Personal information
- Date of birth: 4 January 1978 (age 47)
- Place of birth: Essen, West Germany
- Height: 1.92 m (6 ft 4 in)
- Position(s): Forward

Team information
- Current team: SC Victoria (assistant)

Youth career
- 1986–1993: SG Wattenscheid 09
- 1983–1995: Schwarz-Weiß Essen
- 1995–1998: MSV Duisburg

Senior career*
- Years: Team / Apps / (Gls)
- 1998–1999: MSV Duisburg / 2 / (0)
- 1999–2000: SG Wattenscheid 09 / 16 / (12)
- 2001–2003: MSV Duisburg / 78 / (32)
- 2003–2005: 1. FC Köln / 48 / (10)
- 2005–2008: Alemannia Aachen / 84 / (20)
- 2008–2013: FC St. Pauli / 138 / (46)
- 2013–2014: VfL 93 Hamburg / 1 / (2)
- 2014: Fort Lauderdale Strikers / 8 / (1)
- 2014–2017: SC Victoria / 78 / (60)

Managerial career
- 2017–2018: SC Victoria (assistant)
- 2019–: SC Victoria (assistant)

= Marius Ebbers =

German footballer

Marius Ebbers (born 4 January 1978) is a German former professional footballer who played as a forward.

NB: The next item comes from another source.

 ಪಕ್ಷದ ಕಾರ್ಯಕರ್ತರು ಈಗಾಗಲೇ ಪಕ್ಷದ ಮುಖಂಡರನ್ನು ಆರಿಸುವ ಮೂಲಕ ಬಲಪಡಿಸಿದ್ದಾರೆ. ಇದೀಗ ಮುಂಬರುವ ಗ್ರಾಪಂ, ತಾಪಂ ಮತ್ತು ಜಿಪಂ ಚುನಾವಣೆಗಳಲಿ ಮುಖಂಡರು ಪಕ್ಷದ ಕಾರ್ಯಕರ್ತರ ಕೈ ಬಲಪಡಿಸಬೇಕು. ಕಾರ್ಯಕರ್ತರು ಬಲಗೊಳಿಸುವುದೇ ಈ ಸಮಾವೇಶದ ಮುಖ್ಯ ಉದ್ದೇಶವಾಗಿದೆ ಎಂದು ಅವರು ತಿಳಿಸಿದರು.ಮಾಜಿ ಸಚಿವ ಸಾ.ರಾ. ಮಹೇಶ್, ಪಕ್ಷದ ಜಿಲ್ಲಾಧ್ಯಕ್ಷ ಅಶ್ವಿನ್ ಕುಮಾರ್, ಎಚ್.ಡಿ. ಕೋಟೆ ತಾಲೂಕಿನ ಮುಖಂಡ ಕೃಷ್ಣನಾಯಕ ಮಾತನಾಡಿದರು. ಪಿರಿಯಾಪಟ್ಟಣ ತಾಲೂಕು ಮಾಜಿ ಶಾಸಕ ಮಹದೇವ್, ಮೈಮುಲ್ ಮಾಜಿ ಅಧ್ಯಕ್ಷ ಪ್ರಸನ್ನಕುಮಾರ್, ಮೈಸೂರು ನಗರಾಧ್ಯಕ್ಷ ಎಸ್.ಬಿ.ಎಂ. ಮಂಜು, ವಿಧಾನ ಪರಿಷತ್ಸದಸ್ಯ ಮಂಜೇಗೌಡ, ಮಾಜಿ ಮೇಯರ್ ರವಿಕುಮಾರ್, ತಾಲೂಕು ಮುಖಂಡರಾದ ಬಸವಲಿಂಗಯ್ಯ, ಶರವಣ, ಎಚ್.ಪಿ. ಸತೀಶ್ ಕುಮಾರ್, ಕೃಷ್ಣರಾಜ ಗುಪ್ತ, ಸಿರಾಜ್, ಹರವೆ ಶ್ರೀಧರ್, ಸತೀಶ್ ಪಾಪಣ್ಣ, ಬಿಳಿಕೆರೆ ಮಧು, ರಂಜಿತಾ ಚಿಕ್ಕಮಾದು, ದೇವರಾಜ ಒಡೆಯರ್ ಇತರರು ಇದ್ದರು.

He works as assistant manager of SC Victoria.

==Playing career==
Ebbers scored 108 goals in the Bundesliga and 2. Bundesliga, the first two levels of the German football league system. He played for a couple of months abroad in 2014 - at Fort Lauderdale Strikers in the North American Soccer League.

==Coaching career==
Ebbers retired in June 2017, and was immediately hired as assistant manager of the club he last played for, SC Victoria. He left his position one year. However, he re-joined his position again in January 2019, when his former teammate from FC St. Pauli, Fabian Boll, became the new manager of the club.

==Outside football==
Ebbers owns Ebb & Flow, a clothing store in Hamburg. He started a "relief campaign for the homeless."